3. Keep a gratitude journal
Keeping a gratitude journal can be a great way to see the joy in small things.
“Don’t feel under pressure to record big things, aim for five small things, something like – ‘I’m grateful for the cup of tea I enjoyed this morning’ is absolutely fine, so long as it’s true,” says Penny Westona fitness, wellness and nutrition expert. “If you’re struggling to find five things to record, then be proactive and create little moments of pleasure for yourself that you’ll be able to record.”

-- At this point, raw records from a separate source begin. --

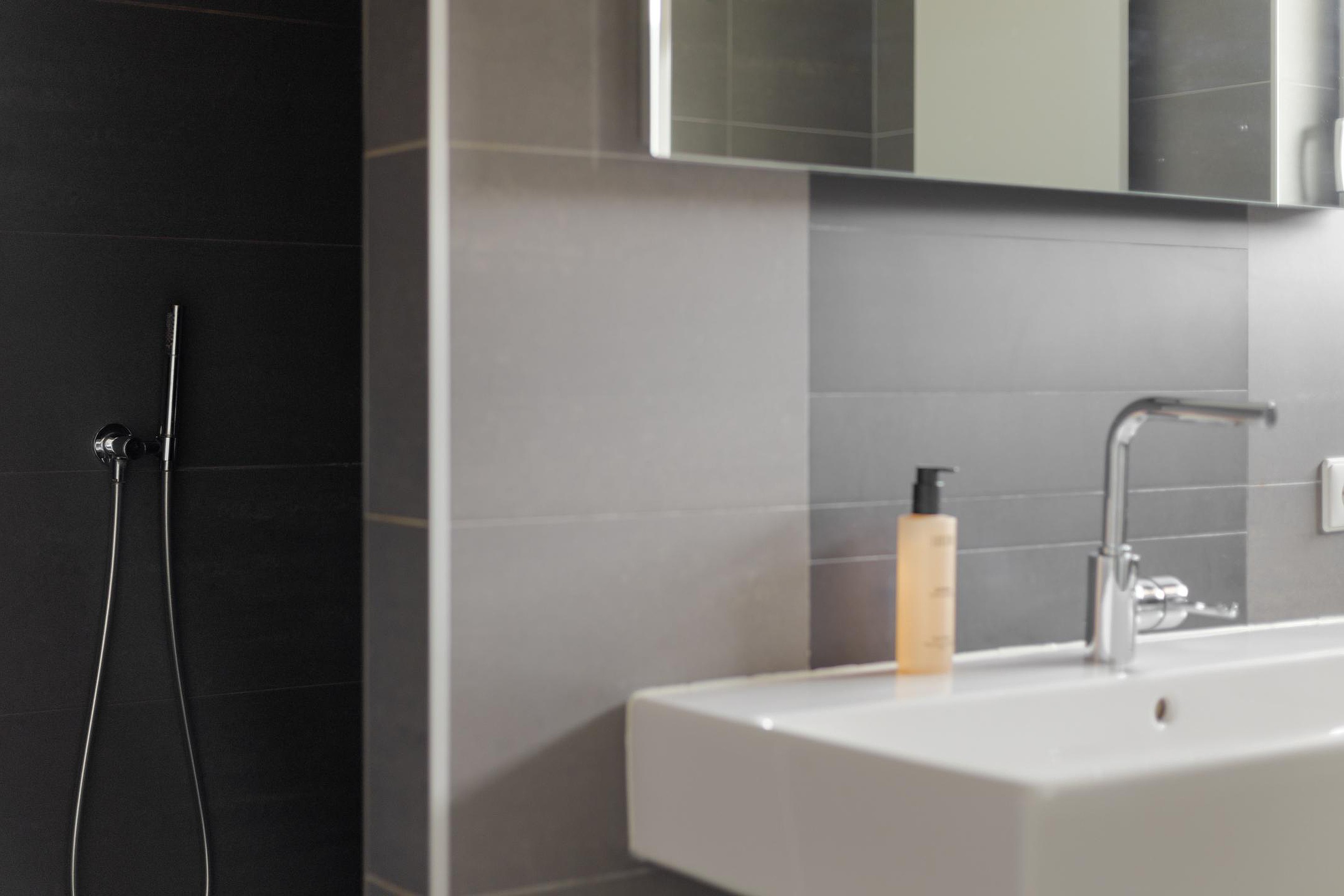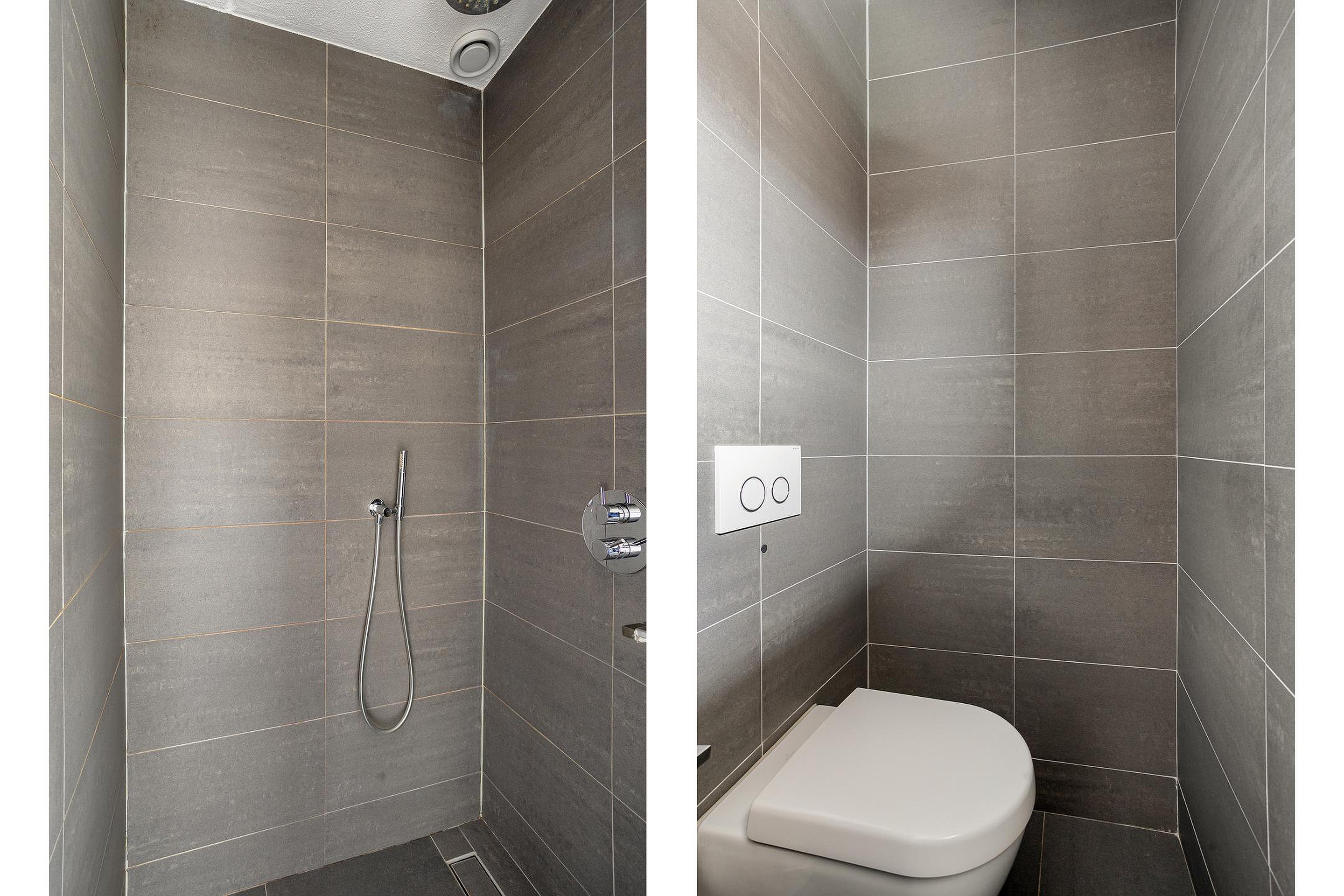 Eerste verdieping Overloop met toegang tot drie ruime slaapkamers. De twee slaapkamers aan de voorzijde zijn voorzien van bergruimte achter de knieschotten. De geheel betegelde en modern uitgevoerde badkamer beschikt over een inloopdouche, wastafel, verwarmde spiegel, toilet en een designradiator.
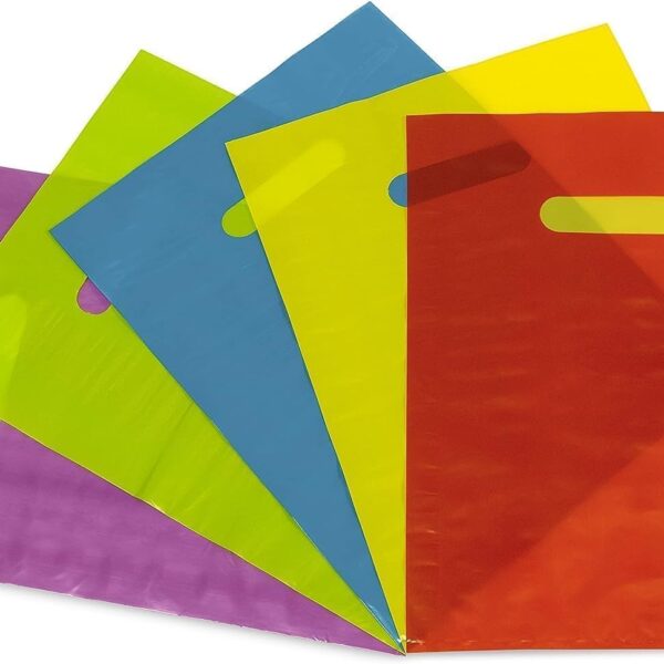 Prime Line Packaging Plastic Gift Bags, Party Favor Bags with Handle, 1.25 Mil Die Cut, Small Business, Holidays, Goodies, Shopping, Multi-Color, Bulk, 9×12, 100 Pack
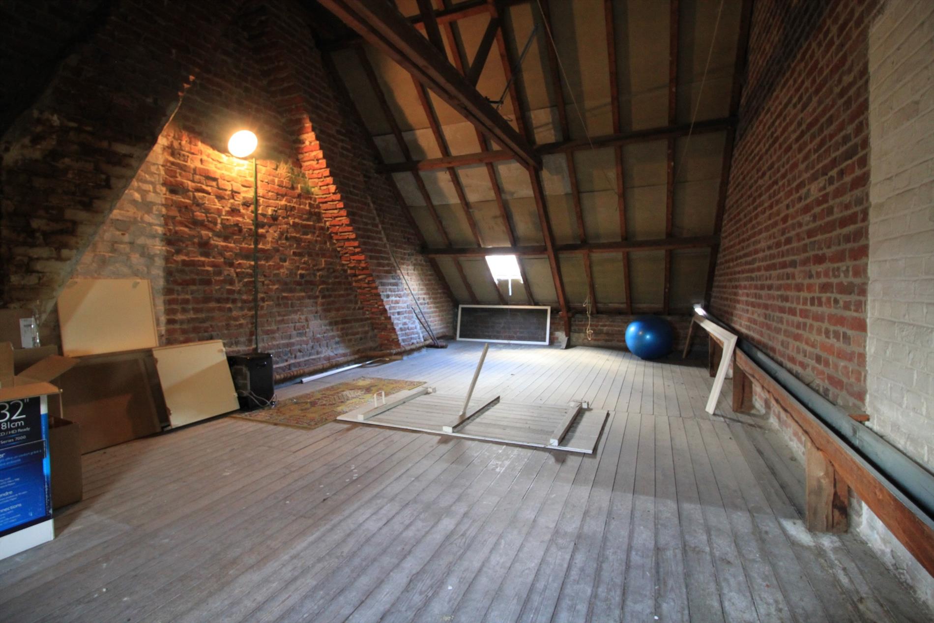 De woning zelf omvat een inkomhal die toegang geeft tot de voorkamer en lichtrijke woonkamer. Verder bevinden zich de keuken, veranda, badkamer en toilet. Op het verdiep zijn er 2 slaapkamers en een zolder die mogelijkheid biedt tot het maken van extra kamers. De woning beschikt over een gezellige stadstuin die volledig zuidgericht is.
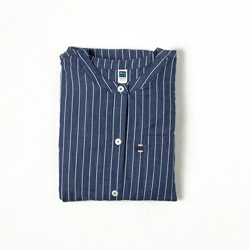 レディース|岡山デニム ストライプ柄 衿なし 全開 長袖 パジャマ
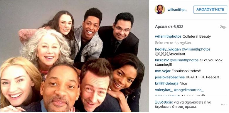 Ο Γουίλ Σμιθ φαίνεται πως έβαλε σκοπό να σπάσει το ρεκόρ που είχε σημειώσει πριν δύο χρόνια η selfie της Έλεν Ντε Τζένερις, στα Όσκαρ, και αυτή τη στιγμή η φωτογραφία του με τους υπόλοιπους συντελεστές της ταινίας «Collateral Beauty» σαρώνει στο διαδίκτυο.
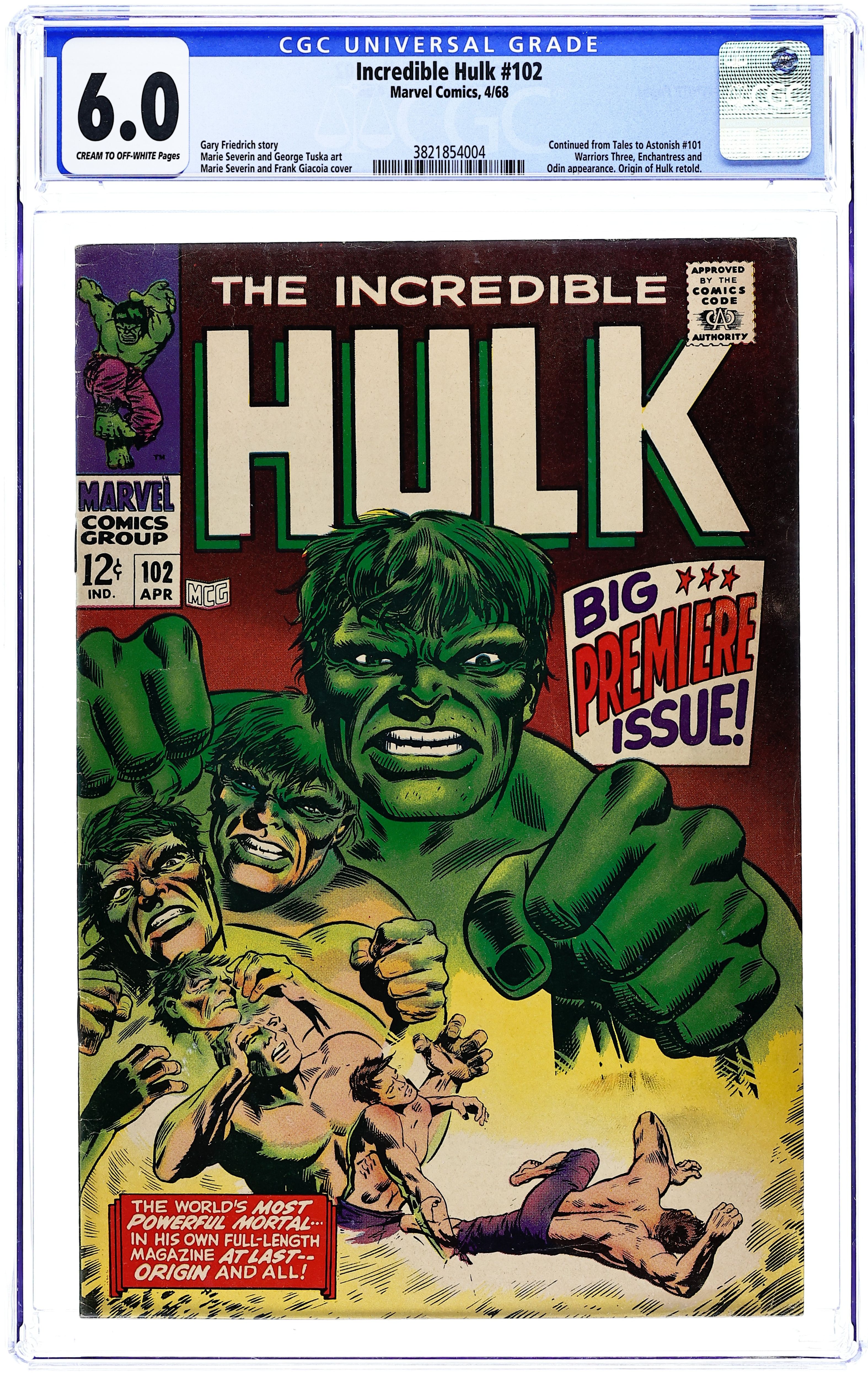 Formerly Tales to Astonish. Cover pencils by Marie Severin, inks by Frank Giacoia. This World Not His Own!, script by Gary Friedrich, pencils by Marie Severin, inks by George Tuska and Syd Shores; Bruce Banner is falling down a bottomless pit back to Midgard when the Enchantress plucks him back to Asgard out of curiosity; The Warriors Three consult Oldar the Oracle and find out the origins of the Hulk; Captured by Enchantress and Executioner, Banner transforms into the Hulk which enrages the Executioner who has fought the jade giant before (back in TTA #77); Leaving the Hulk behind, the evil duo lead an army of trolls against Asgard and the Hulk arrives on the scene just in time to lend a hand in the victory of Odin's forces. House ad for Not Brand Echh #7 and Daredevil #38. 36 pgs. This issue picks up after the events of Tales to Astonish (1959-1968 1st Series) #101. Cover price $0.12. Grade: CGC 6.0 explanation of grade Condition: Used (collectible)
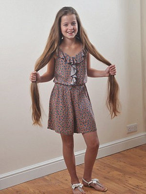 Τα μαλλιά του κοριτσιού φτάνουν μέχρι τα γόνατα, αν και επέλεξε να τα κόψει, ώστε να μπορεί να τα περιποιείται και να αλλάζει στυλ εύκολα, κάτι που τη δυσκολεύει. Μάλιστα, επέλεξε να δωρίσει τα κομμένα μαλλιά στο ίδρυμα «Little Princess Trust», το οποίο εξειδικεύεται σε περούκες παιδιών, που χάνουν τα μαλλιά τους λόγω της μάχης τους με τον καρκίνο.
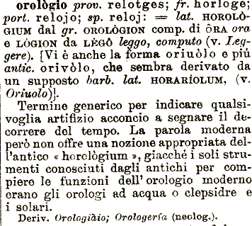 anche la formar orinolo e più antic. ori vólo, eh® sembra derivato da nn sapposto barb. lodi. HOBARIOLUM, (v. Orinolo)}. Termine generico per indicare qualsivoglia conosciuti dagli antichi per compiere le funzioni dell'orologio moderno erano gli orologi ad acqua o clepsidre e i solari. Deriv. Orologiàio; Orologeria artifizio acconcio a segnare il decorrere del tempo. La parola moderna però non offre una nozione appropriata dell'antico « horològinm », giacché i soli strumenti (neolog.). orològio jprot?. relotges; /r. norloge; pori, relojo; sp. reloj: === lat. HOROLÒGIUM dal gr. OROLÒ&ION comp. di ÓRA ora e LÒ&ION da LEOÓ leggo, computo (v. leggere). [Vi è
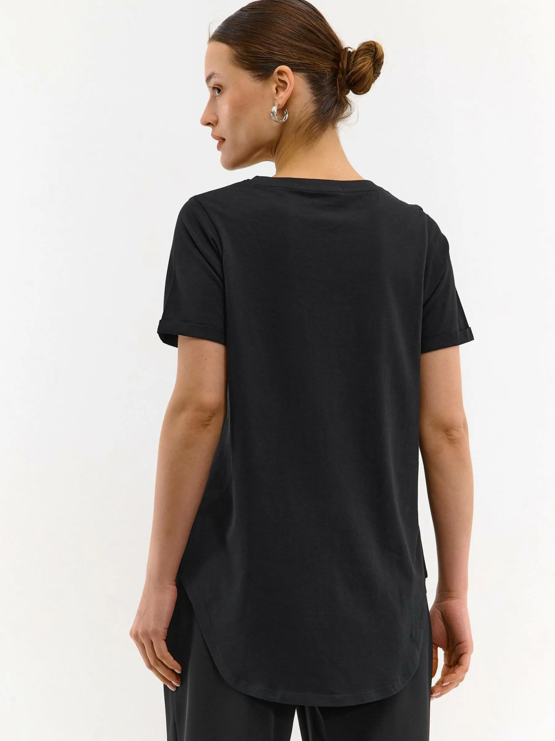 Kolor: czarnyKrój: asymetryczneTyp: koszulkaRekaw: krótki rękawDługość: dlugiePattern style: z nadrukiemDetal: nad…

4. Track your energy not your time
“We are so conditioned to try and fit as much in as possible to our day and often disregard how long something will actually take, and what energy sources we are working with that day,” says E.M. Austen, author of SMARTER: 10 Lessons For A More Productive And Less Stressed Life. “In tracking our energy, we can wake up at a time that suits us and set ourselves up to win by linking the task to our energy.”
5. Cold water exposure
“Finish your daily shower with cold water,” recommends Annie Davies, clinical nutritionist at Body Fabulous Health Clinic. “Start with 10-30 seconds and work up to two minutes if you can.
“Alternatively, plunging your face into a bowl of iced water (known as the mammalian dive response) switches the nervous system into the calming, parasympathetic mode (rest and digest state). Doing this regularly is well evidenced to decrease blood pressure, regulate mood and anxiety, improve energy levels and blood glucose levels.”
6. Try ‘eating the frog’
“The concept of ‘eating the frog’, popularised in a book from the early 2000s, advises tackling your most daunting task first each day,” explains Jessica Rogers, executive and leadership coach working with Intuit QuickBooks. “For example, make your financial tasks a priority each morning and you’ll find that completing them early reduces stress, and frees up your mental bandwidth for other responsibilities.
“Research from Intuit QuickBooks shows 63% of people find tasks like doing their tax returns stressful, and over half (55%) admit they procrastinate – it’s no surprise the beginning of the year can feel really overwhelming. Procrastination only increases the difficulty – address these tasks head-on and see the world of difference it makes.”
7. Eat mindfully
“Eat with intention, savouring each bite and focusing on the flavours, textures and smells of your food,” says Roscoe. “This practice not only enhances your enjoyment of meals but also helps you develop a healthier relationship with food and your body.”